Cowboy Al, who runs the amazingly expansive Cowboy Al’s Wild West Museum in Litchfield, CT., had this vision of re-creating his childhood movie-going.
“Every Saturday my mother would drop me and my sister off at the movies in the Bronx, where I grew up,” he told my pal Jim Motavalli during an interview on WPKN in Bridgeport. “We would spend the whole day at the movies!”
Cowboy Al is 89 now but spry as ever and dedicated to preserving and showcasing the Wild West. His museum has been in full swing for the past four years in a series of buildings at his 42-acre Top-O’-World Farm. If you’re up for an entertaining road trip, call him at 1-201-888-9353. He’s open by appointment only — but it’s free!

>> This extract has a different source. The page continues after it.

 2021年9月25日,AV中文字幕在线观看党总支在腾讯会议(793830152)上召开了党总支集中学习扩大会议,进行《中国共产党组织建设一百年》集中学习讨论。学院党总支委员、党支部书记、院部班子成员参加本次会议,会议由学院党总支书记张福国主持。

“My Pal Trigger” attracted about 20 people to Bantam. Most of us were old-timers but it was nice seeing two kids in the audience. (One of them shouted excitedly at the screen during key plot moments.)
“This is Roy Rogers’ most popular movie,” Cowboy Al told us before the show began. “It’s got Gabby Hayes, Dale Evans and the Sons of the Pioneers. Roy sang too (‘Happy Trails to You’) and he was in the Sons of the Pioneers at the beginning.”

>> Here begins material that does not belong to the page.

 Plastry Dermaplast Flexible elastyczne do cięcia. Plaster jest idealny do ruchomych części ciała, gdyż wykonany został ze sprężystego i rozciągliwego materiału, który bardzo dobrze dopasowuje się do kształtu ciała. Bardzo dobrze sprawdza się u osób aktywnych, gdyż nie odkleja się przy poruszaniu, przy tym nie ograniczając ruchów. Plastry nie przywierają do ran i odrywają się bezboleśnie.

Cowboy Al added that Autry was the original singing cowboy star but when he got drafted into the Army, Rogers passed an audition “and he became ‘King of the cowboys.’”
“This is a dream come true!” Cowboy Al said of the movie series. “It took two years for this to happen! Sit back and enjoy the cartoons and the movie. Then enjoy Dale Evans riding in on a palomino, just like Trigger!”

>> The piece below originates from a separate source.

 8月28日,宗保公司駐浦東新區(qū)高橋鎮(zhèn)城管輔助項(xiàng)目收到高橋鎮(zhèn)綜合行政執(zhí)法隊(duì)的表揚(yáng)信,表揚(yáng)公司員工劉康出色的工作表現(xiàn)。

He wasn’t kidding. Cowboy Al, ever the showman, was re-creating a stunt he pulled off to celebrate his 65th birthday. He rented a costume of the Lone Ranger and a white horse and galloped down the street in Tenafly, New Jersey with the “William Tell Overture” blasting from his saddle!
“Cars were beeping, people were shouting,” he told me when I interviewed him for Connecticut magazine’s issue of July 2022. “I looked pretty good! People thought I was Clayton Moore.” (That’s the actor who played the Lone Ranger.)
As promised, after we enjoyed “My Pal Trigger,” Cowboy Al gathered us outside — and up came a palomino, ridden by Kristina Deyo, the operations manager at the Bantam Cinema. She was decked out in full Western garb. Cowboy Al, sparing no expense, had rented the horse from Silver Brook Stables in Uncasville, CT.
All day Cowboy Al couldn’t stop smiling. As he told Motavalli in that radio interview, he loves cowboy movies because “It’s all good news, compared with what we’re facing today. It’s all happy. It brings back memories of happy days.”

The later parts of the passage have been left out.